What kind of alighment tools do you use to put your transfers on shirts? I recently did some baseball shirts and had trouble getting the numbers which were bought in number packs, so each number was seperate. I had trouble getting them properly spaced and centering the nemes above the numbers.


----------



## knifemaker3 (Sep 8, 2006)

Tim,
Go to your local fabric shop, Hobby Lobby, or Wal-Mart if you have one that still has a fabric department.

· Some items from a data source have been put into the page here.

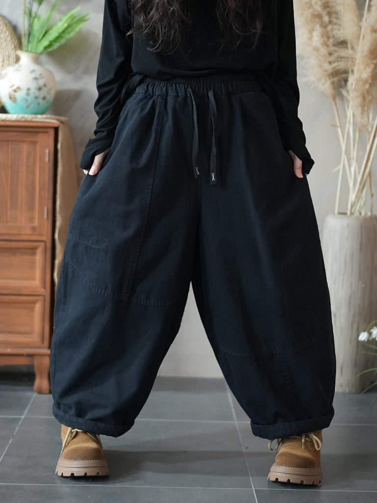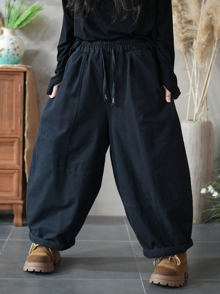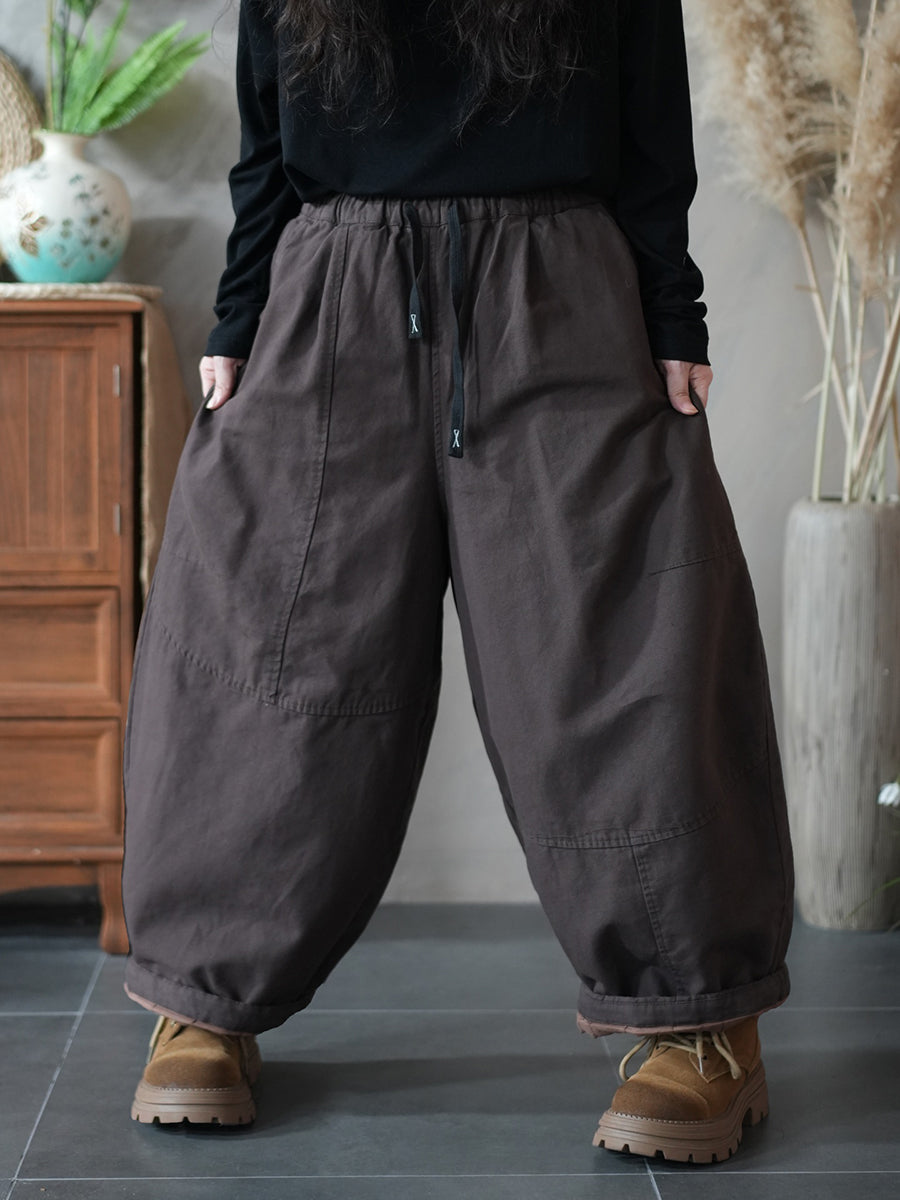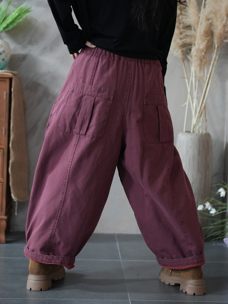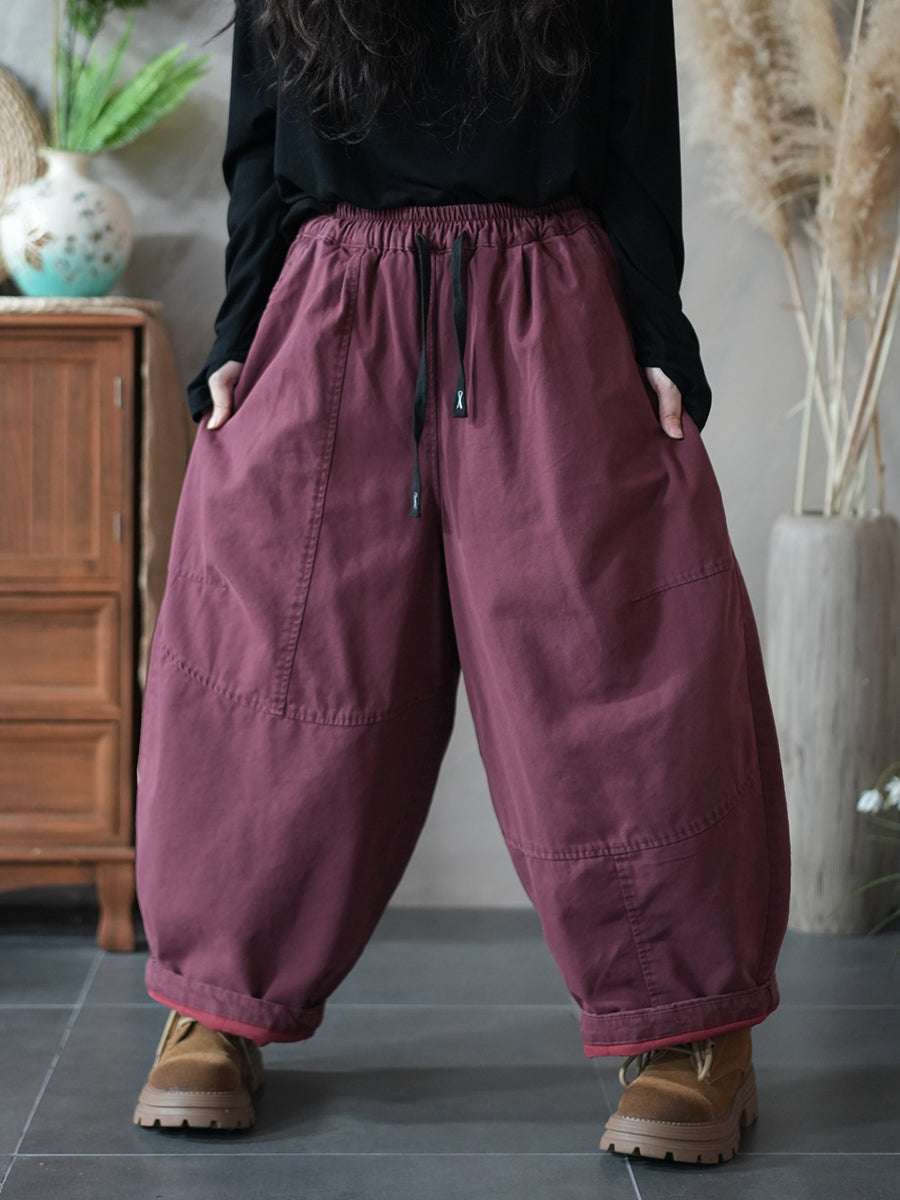 מכנסי הרמון מרופדים בצבע טהור בסגנון רטרו לחורף לנשים
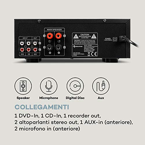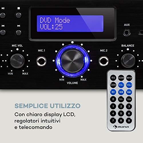 Auna AMP-5 BT - Amplificatore HiFi, Bluetooth, Potenza di Uscita: 2 x 50 Watt RMS, USB/SD, AUX-in, Dvd-in, CD-in, 2 Connessioni Microfono, Uscita Recorder, Display LED, Telecomando, Nero
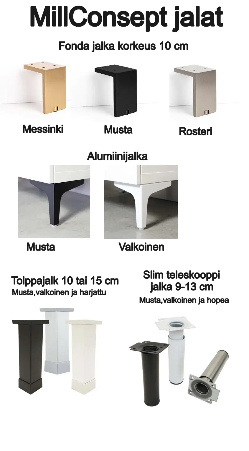 Korkealaatuinen kotimainen Mill Consept tuotesarjan jalat. Hinnat on kappale hintoja
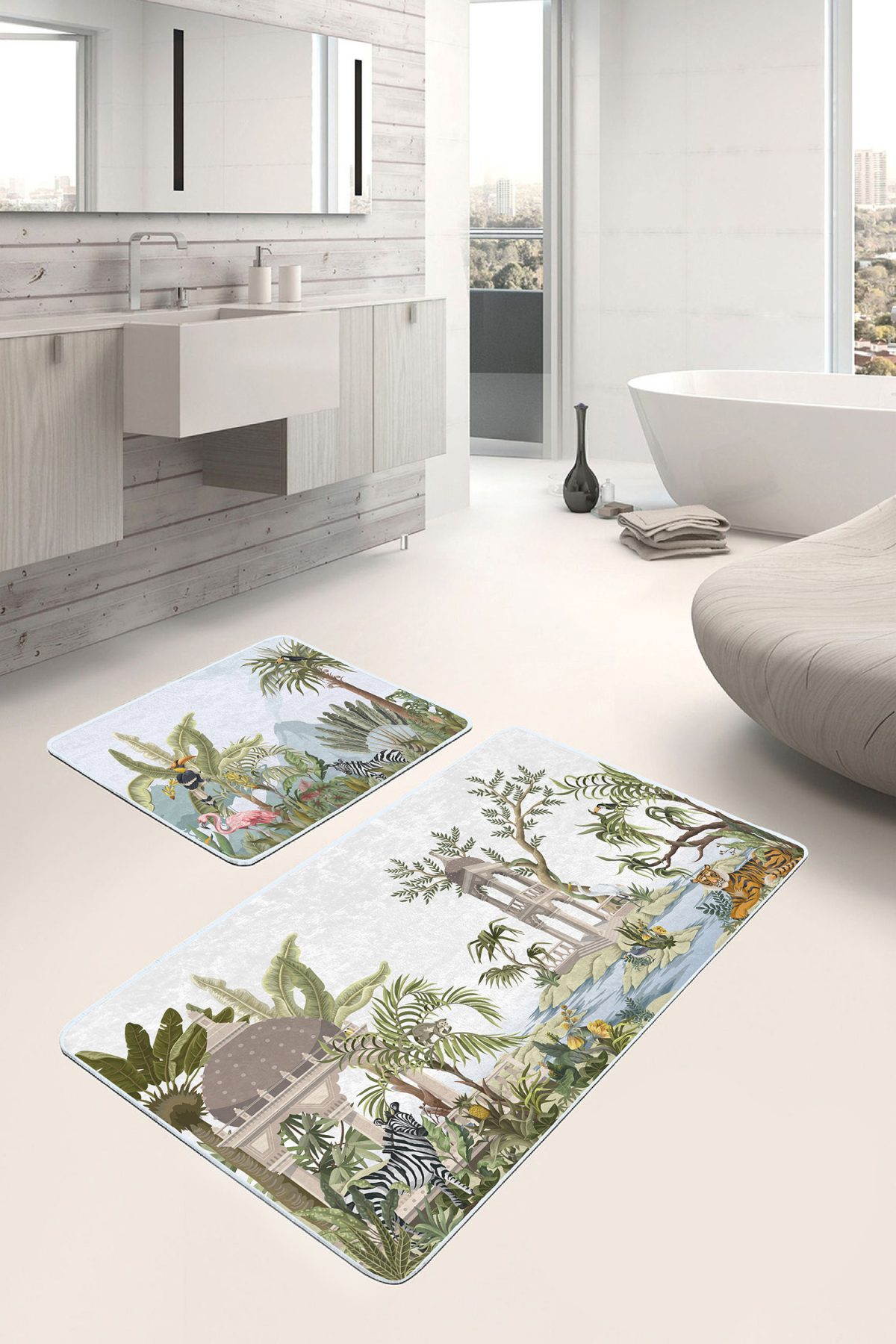 Tropik Hayvanlar Bitkiler Özel Tasarım 2’li Banyo Paspas Seti & Banyo Halı Takımı
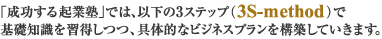 第三段階では、ビジネスモデルを基にして、ビジネスプラン(=事業計画)を作成します。単なる数値計画ではなく、「何から始めるか」まで行動を特定し、確実にスタートアップできるように計画を策定します。
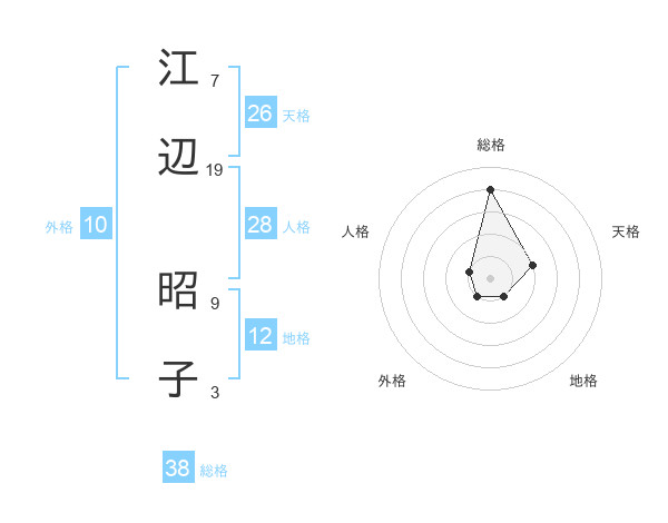 江辺 昭子さんの総格は38画の4点!

You'll find all kinds of neat clear plastic layout tools that will be graduated in inch blocks and have lines to line up your transfers with.

Hope this helps.


----------



## lands tee (Apr 4, 2007)

I bought a T squre from badalou, and it works for me. check it out.
good luck.


----------



## Solmu (Aug 15, 2005)

As far as commercial devices go the main two that come up here are:

Badalou's Tee Square It: teesquareit.com
DAGuide's Perfect Transfers Tool: perfecttransfers.com

Other than that there are the even more popular traditional tools: rulers, set squares, eyeballs, etc. There have been lots of threads on alignment with opinions on all of the above methods if you want to hear how people went with the various tools.


----------



## COEDS (Oct 4, 2006)

I got the tsquare from and it works great.I tell everyone toget one.It took about 2 hours off my production time on 100 shirts. Good luck .... JB


----------



## snarley (Feb 9, 2007)

Hi Tim, 

A couple of years ago I got a rush order for 25 t-shirts with a 4 inch logo over the heart for an event. As the shirts were going to be all worn the same day, I wanted the alignment to be right on. I usually use a ruler and a 90 degree triangle to place the image. 

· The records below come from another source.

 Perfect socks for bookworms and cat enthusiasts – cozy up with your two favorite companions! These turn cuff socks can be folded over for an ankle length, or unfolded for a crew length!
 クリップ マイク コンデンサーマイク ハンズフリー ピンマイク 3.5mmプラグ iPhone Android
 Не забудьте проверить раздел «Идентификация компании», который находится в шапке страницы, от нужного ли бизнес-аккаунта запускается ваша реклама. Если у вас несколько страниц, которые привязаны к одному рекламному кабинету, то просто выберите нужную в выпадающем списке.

To make it easier and a little faster I made up a grid with a centerline and horizontal and vertical lines in Corel draw and printed it in landscape (11 X 17) on a film positive. I trimmed the width to fit the platen for easy alignment and it worked pretty good. I knocked the whole job out in a couple of hours.

I thought the grid I printed up was going to be one time thing, it's funny I still have the original one I printed and use it for all my jobs that need critical alignment.

Bill M


----------



## hedsteve (Sep 8, 2009)

This came is really useful today... Also the first time I went to walmart and they actually had something I wanted and a helpful employee. 

I grabbed 2 of the 18"x5" plastic grids and can use them in a similar fashion to the Tee Square It (based on the videos I watched.)


----------